# SOURCE MATERIAL
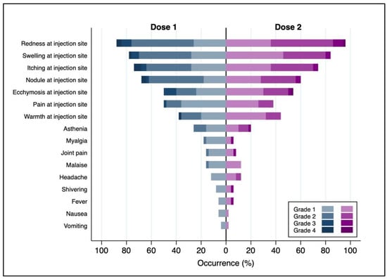 For both local and systemic AEFIs, mostly Grade 1 and 2 reactions were reported. Only two occurrences of Grade 3 and 4 systemic AEFIs (requiring medical attention) were registered. First-dose local AEFIs occurred in 6.9% of cases that were Grade 3 and in 9.9% of cases that were Grade 4. Second-dose local AEFIs occurred in 10.0% of cases that were Grade 3 and in 4.0% of cases that were Grade 4. It was likely that the persistence and severity of the local reactions led to the seeking out of medical consultations and the use of topical medication. Finally, no unexpected and/or serious adverse reactions or deaths attributable to the vaccination were observed.
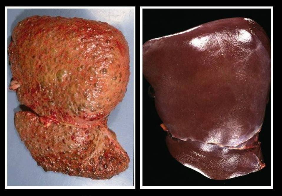 фото 1 – печень алкоголика 2 стадия; фото 2 – здоровая печень
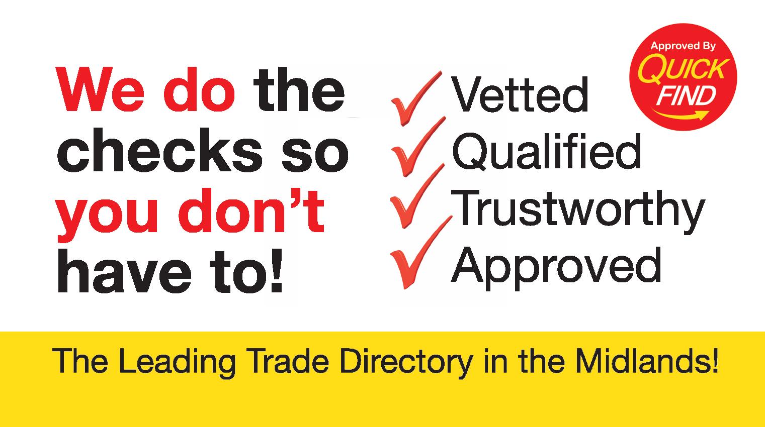 • Our trades and businesses undergo a strict vetting procedure, qualifications must be relevant and up to date. • Checks with NICEIC and Gas Safe are carried out to ensure all engineers are qualified to work in your home. • Previous Customers are asked in detail regards the quality of workmanship, pricing, courtesy and punctuality and whether they would recommend this company to a friend. They will then be awarded our Quick Find Approved logo
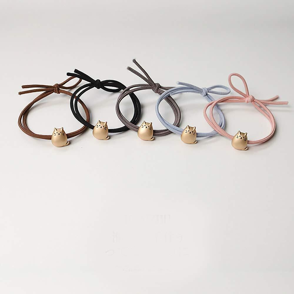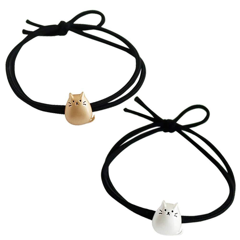 moin moin ヘアゴム ヘアアクセサリー レディース ブレスレット もふもふ ぷっくり もっちり 猫 ねこ ミニサイズ / 2種セット / シルバー & ゴールド (ゴム色 : 黒 ブラック)
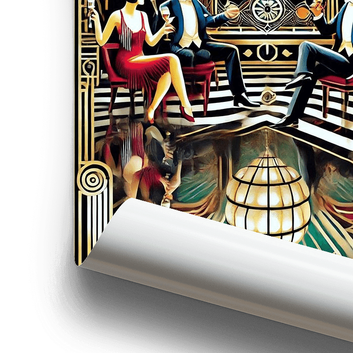 Die dargestellte Szenerie spiegelt die Roaring Twenties wider – eine Zeit des gesellschaftlichen Aufbruchs, in der Jazz, Charleston und Cocktails das Nachtleben prägten. Bars und Tanzlokale waren Treffpunkte für Kreative, Künstler, Unternehmer und Lebenskünstler. Das Motiv lädt den Betrachter ein, Teil dieses pulsierenden Lebensgefühls zu werden.
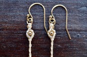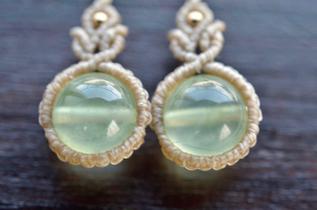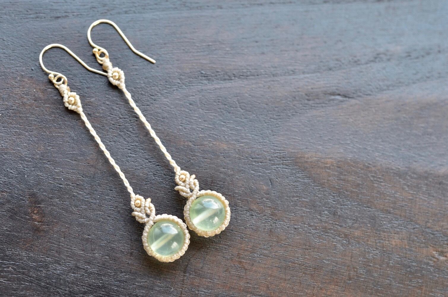 マスカットの粒のような淡いグリーンが美しいプレナイトビーズに、14kgfビーズをあしらった上品で、シンプルなマクラメピアス。
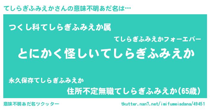 | 男性向けラノベタイトル風あだ名 | 『てしらぎふみえかの嫁は女の子じゃないと思った?』 |
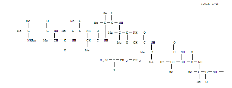 - Synonyms:AlamethicinI, 2-L-alanine-6-(2-methylalanine)-9-L-isoleucine-18-L-glutamine-;L-Glutamamide,N-acetyl-2-methylalanyl-L-alanyl-2-methylalanyl-L-alanyl-2-methylalanyl-2-methylalanyl-L-glutaminyl-2-methylalanyl-L-isoleucyl-2-methylalanylglycyl-L-leucyl-2-methylalanyl-L-prolyl-L-valyl-2-methylalanyl-2-methylalanyl-L-glutaminyl-N1-[1-(hydroxymethyl)-2-phenylethyl]-,(S)-
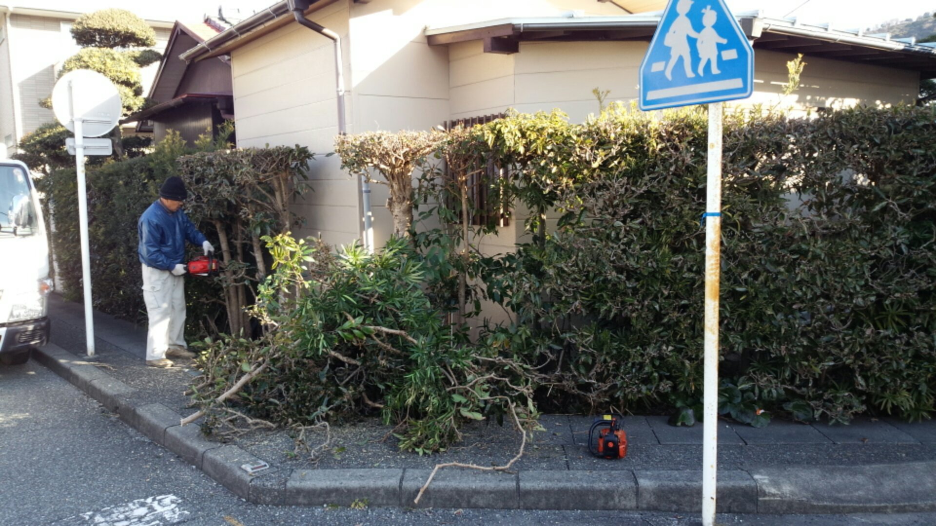 沼津市本郷町SI様邸にて生垣の伐採伐根作業をおこないました。
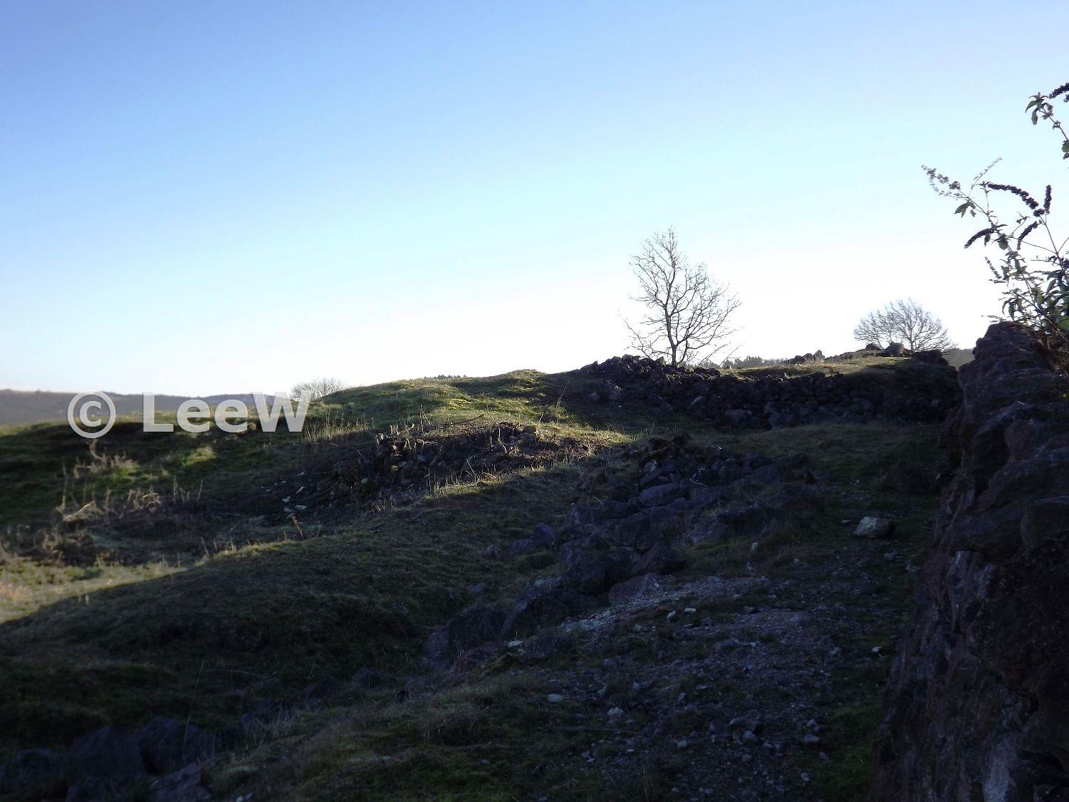 View looking southeast towards shaft mound with ruined coe and sleeper capped shaft (December 2012)

# WORK ITEM
Once the line with "Die dargestellte Szenerie" is found above, transcribe each line from it through the line with "男性向けラノベタイトル風あだ名 | 『てしらぎふみえかの嫁は女の子じゃないと思った?』 |", exactly, and omit the pictures.

# EXPECTED ANSWER
 Die dargestellte Szenerie spiegelt die Roaring Twenties wider – eine Zeit des gesellschaftlichen Aufbruchs, in der Jazz, Charleston und Cocktails das Nachtleben prägten. Bars und Tanzlokale waren Treffpunkte für Kreative, Künstler, Unternehmer und Lebenskünstler. Das Motiv lädt den Betrachter ein, Teil dieses pulsierenden Lebensgefühls zu werden.
 マスカットの粒のような淡いグリーンが美しいプレナイトビーズに、14kgfビーズをあしらった上品で、シンプルなマクラメピアス。
 | 男性向けラノベタイトル風あだ名 | 『てしらぎふみえかの嫁は女の子じゃないと思った?』 |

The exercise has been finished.